Data records:

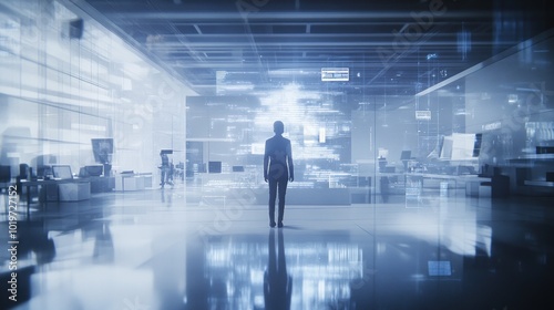 A solitary figure stands in a futuristic, tech-driven office space filled with digital displays.
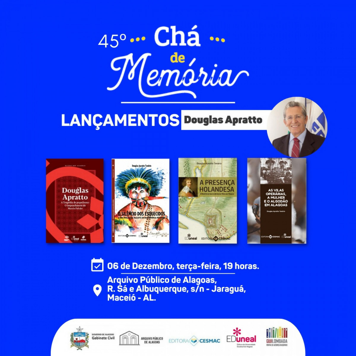 O Arquivo Público de Alagoas (APA) promove, no dia 6 de dezembro, às 19h, a 45ª edição do projeto Chá de Memória, com o lançamento de quatro livros do historiador e vice-reitor do Cesmac, Douglas Apratto Tenório: “As vilas operárias, a mulher e o algodão em Alagoas”, “O Silêncio dos Esquecidos”, “A presença Holandesa” e “A Tragédia do Populismo: o impeachment de Muniz Falcão”.
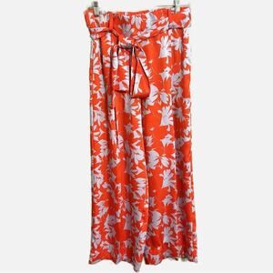 Item in Excellent Preowned Condition. Hidden Side zip closure, Belted half stretch waist (smooth front, stretchy back), 2.5” waistband + belt loops, Tied belt, Deep pockets, Front trouser seams, 100% Polyester, style # L8831. Oversized and flowing. Measurements taken Hanging up:
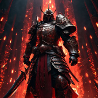 The image features a character that appears to be a fantasy warrior standing in front of an ominous backdrop. The warrior is armored in gold and red, with a visor obscuring the face. They are holding a sword in one hand. There are elements indicative of fire or destruction behind the figure: flames and smoke fill the background, adding to the intense atmosphere of the scene.
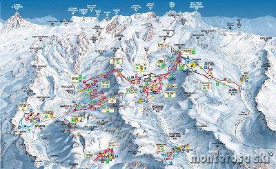夕べ遅くに遅れて到着した2名が合流し、この日からは10名体制。初日になる二人にはちょっとハードかもしれませんが、この日はエリアの中央で枝のように伸びるGRESSONEY LA TRINITEに向かいました。 モンテローザは三つの谷を横一で繋ぐように配置されたスキーエリア。地図で言うとシャンポルックは一番西の谷で、そこは真ん中の谷。 帰り道は24番のリフトでPunta

Exercise details:
Pictures stay out. Print the data exactly, from its first line through the line containing "Item in Excellent".

Your response:
 A solitary figure stands in a futuristic, tech-driven office space filled with digital displays.
 O Arquivo Público de Alagoas (APA) promove, no dia 6 de dezembro, às 19h, a 45ª edição do projeto Chá de Memória, com o lançamento de quatro livros do historiador e vice-reitor do Cesmac, Douglas Apratto Tenório: “As vilas operárias, a mulher e o algodão em Alagoas”, “O Silêncio dos Esquecidos”, “A presença Holandesa” e “A Tragédia do Populismo: o impeachment de Muniz Falcão”.
 Item in Excellent Preowned Condition. Hidden Side zip closure, Belted half stretch waist (smooth front, stretchy back), 2.5” waistband + belt loops, Tied belt, Deep pockets, Front trouser seams, 100% Polyester, style # L8831. Oversized and flowing. Measurements taken Hanging up:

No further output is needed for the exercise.